To some extent, if one wants to understand some of the recent history of physics, one should take into account important demographic trends in the subject. For particle physics in the U.S., in recent years the Particle Data Group has been conducting an annual Census of U.S. Particle Physics. The American Institute of Physics has a collection of reports available on-line. The NSF and other various other organizations periodically issue hysterical reports about there being too few physics students getting Ph.D.s. For some perspective on this, in 2003 there were a bit more than 1100 physics Ph.D.s awarded in the U.S., and during 2001-2002, about 230 retirements per year of permanent faculty. Due to large recent increases in graduate student enrollment, the number of Ph.D.s is expected to increase significantly during the next few years. There doesn’t seem to be much danger that anytime soon U.S. universities will see any change in the current situation of having vastly more qualified candidates for academic jobs than actual permanent jobs available.
In the specific case of particle theory, the Particle Data Group figures show roughly 450-500 tenured faculty, and 400-450 graduate students.
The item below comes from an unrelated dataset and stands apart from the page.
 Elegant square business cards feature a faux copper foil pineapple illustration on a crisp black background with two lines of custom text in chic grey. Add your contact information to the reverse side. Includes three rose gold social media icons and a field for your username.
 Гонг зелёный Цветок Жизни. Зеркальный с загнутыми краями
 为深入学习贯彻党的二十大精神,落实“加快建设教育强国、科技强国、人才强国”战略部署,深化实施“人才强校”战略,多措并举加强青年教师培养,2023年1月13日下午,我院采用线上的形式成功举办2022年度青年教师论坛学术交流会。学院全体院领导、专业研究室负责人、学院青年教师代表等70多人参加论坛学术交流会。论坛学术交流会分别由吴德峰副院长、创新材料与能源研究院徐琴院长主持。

So, the entire U.S. tenured particle theory professoriate could be just about replaced by one 4-5 year cohort of graduate students. The theoretical particle physics job market will remain extremely competitive for the forseeable future.
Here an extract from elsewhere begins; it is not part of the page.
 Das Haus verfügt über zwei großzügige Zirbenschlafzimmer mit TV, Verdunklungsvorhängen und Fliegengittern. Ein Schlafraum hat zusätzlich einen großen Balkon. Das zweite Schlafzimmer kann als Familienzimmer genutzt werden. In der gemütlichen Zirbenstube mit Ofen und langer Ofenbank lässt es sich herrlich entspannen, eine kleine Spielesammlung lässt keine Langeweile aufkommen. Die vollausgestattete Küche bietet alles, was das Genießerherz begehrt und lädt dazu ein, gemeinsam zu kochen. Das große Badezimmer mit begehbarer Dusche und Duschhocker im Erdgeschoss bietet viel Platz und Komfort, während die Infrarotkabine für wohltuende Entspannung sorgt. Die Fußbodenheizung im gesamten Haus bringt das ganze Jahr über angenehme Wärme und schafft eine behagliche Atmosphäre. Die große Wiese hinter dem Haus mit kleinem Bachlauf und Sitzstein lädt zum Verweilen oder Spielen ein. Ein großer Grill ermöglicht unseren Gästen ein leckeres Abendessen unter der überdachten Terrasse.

Unfortunately, the main hope for young physicists who want an academic job is that current tenured faculty are getting old and have to retire or die sooner or later. The latest data I’ve seen (from a 2000 AIP membership survey) indicated that the average age of tenured physics faculty had reached nearly 60. If anyone knows of more recent data I’d be interested to hear about it. I don’t know of any good on-line sources for historical data, but the December 1995 issue of Physics Today had an interesting article about demographic trends in physics entitled “What future will we choose for physics?”. The authors of that article claimed that before 1970 the median age of physics professors in the U.S. was relatively stable and under 40. In 1970, the number of physics Ph.D.s awarded hit an all time high of nearly 1600, and faculty hiring essentially fell off a cliff. According to the Physics Today article, from 1970 on the median age of tenured faculty increased linearly at the rate of about 8 months/year.
One effect of the aging of the physics community is that Physics Today has been running an increasing number of obituaries, since it has a long-running policy of printing a picture and several paragraphs about each of their members for whom obituaries are submitted. As of this month, facing the prospect of having to devote an increasing fraction of space to this purpose, they have abandoned this policy, announcing that from now on they will only publish obituaries in special cases, setting up a separate web-site for on-line obituaries, since these won’t be appearing in the magazine itself.
Update: Andre Brown wrote in to point out that the 1995 Physics Today article is available on-line.